### Dataset content
◆ ◆ ◆ ◆ ◆
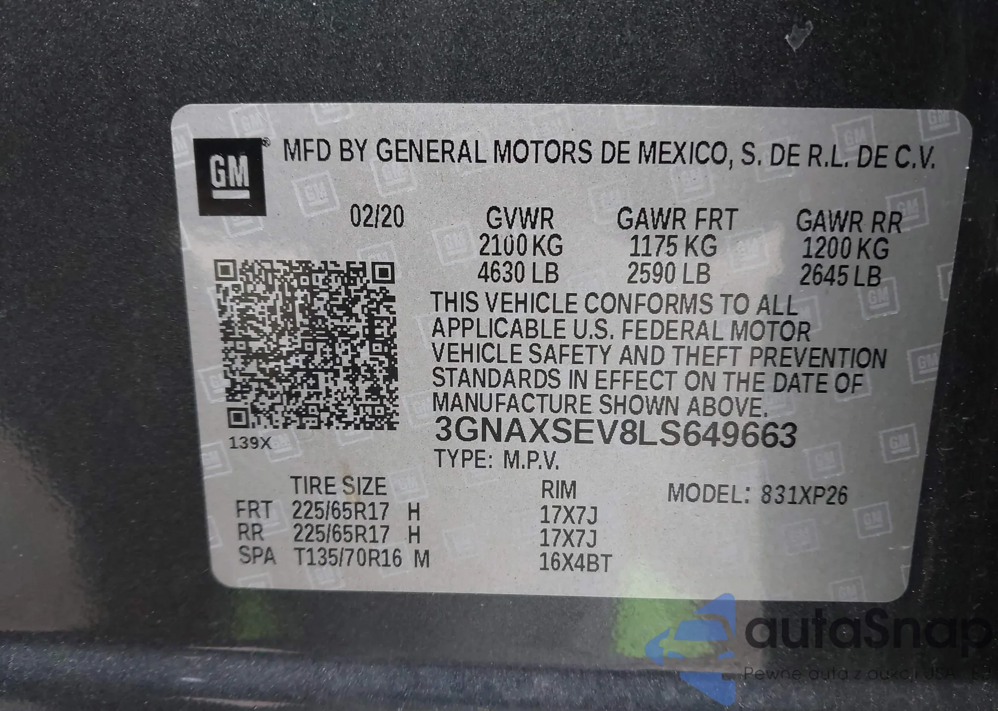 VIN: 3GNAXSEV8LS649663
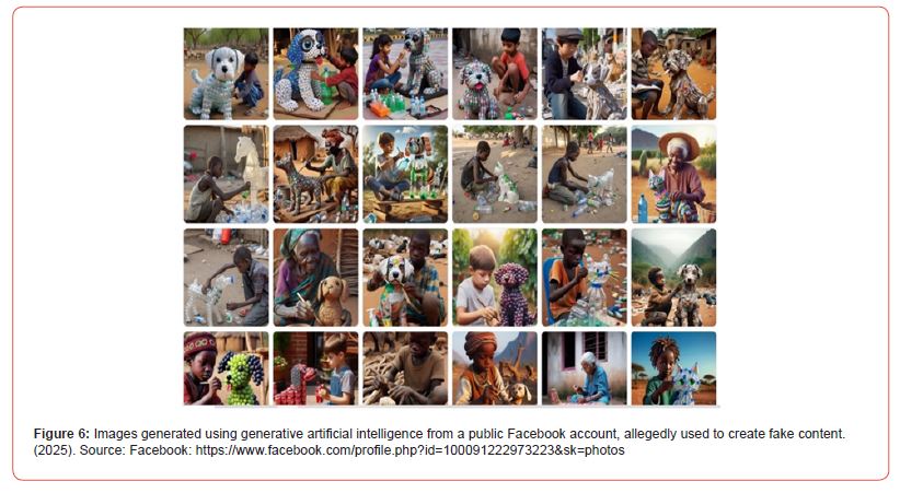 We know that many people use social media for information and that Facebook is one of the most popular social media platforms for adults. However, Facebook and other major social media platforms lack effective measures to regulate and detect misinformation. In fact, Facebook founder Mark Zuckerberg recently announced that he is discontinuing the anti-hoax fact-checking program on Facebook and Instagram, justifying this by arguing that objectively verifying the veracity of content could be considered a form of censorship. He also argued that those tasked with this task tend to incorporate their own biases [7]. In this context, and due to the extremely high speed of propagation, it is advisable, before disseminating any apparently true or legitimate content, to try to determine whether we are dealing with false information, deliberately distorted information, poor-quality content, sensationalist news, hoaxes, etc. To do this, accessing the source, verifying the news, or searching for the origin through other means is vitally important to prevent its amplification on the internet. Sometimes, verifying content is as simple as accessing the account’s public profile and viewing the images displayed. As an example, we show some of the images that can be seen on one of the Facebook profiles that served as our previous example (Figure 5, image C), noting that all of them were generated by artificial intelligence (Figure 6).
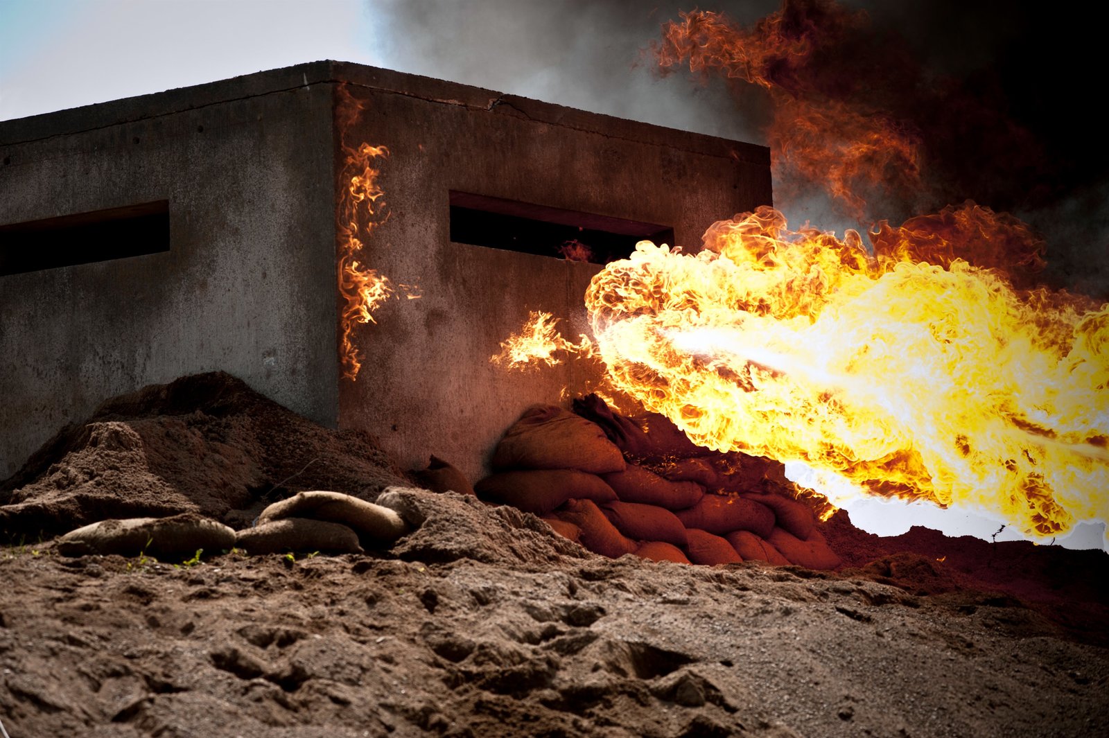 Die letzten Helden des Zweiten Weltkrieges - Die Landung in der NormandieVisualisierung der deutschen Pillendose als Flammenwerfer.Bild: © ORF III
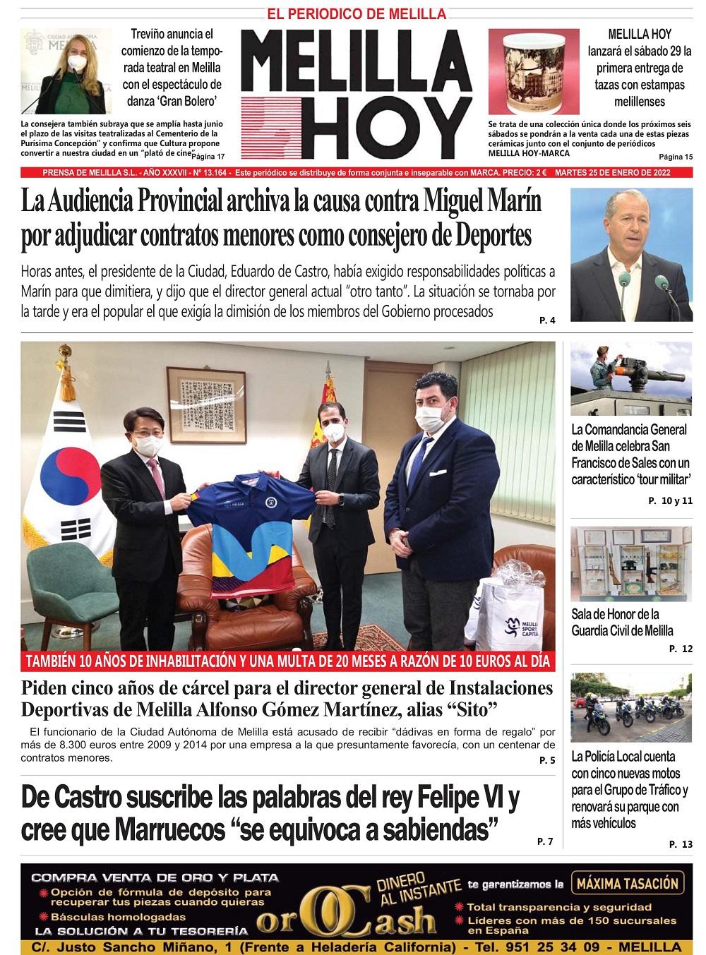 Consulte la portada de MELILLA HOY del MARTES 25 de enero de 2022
◆ ◆ ◆ ◆ ◆
### What is needed
The result should be the full listing, retyped exactly and free of pictures.

### Result below
 VIN: 3GNAXSEV8LS649663
 We know that many people use social media for information and that Facebook is one of the most popular social media platforms for adults. However, Facebook and other major social media platforms lack effective measures to regulate and detect misinformation. In fact, Facebook founder Mark Zuckerberg recently announced that he is discontinuing the anti-hoax fact-checking program on Facebook and Instagram, justifying this by arguing that objectively verifying the veracity of content could be considered a form of censorship. He also argued that those tasked with this task tend to incorporate their own biases [7]. In this context, and due to the extremely high speed of propagation, it is advisable, before disseminating any apparently true or legitimate content, to try to determine whether we are dealing with false information, deliberately distorted information, poor-quality content, sensationalist news, hoaxes, etc. To do this, accessing the source, verifying the news, or searching for the origin through other means is vitally important to prevent its amplification on the internet. Sometimes, verifying content is as simple as accessing the account’s public profile and viewing the images displayed. As an example, we show some of the images that can be seen on one of the Facebook profiles that served as our previous example (Figure 5, image C), noting that all of them were generated by artificial intelligence (Figure 6).
 Die letzten Helden des Zweiten Weltkrieges - Die Landung in der NormandieVisualisierung der deutschen Pillendose als Flammenwerfer.Bild: © ORF III
 Consulte la portada de MELILLA HOY del MARTES 25 de enero de 2022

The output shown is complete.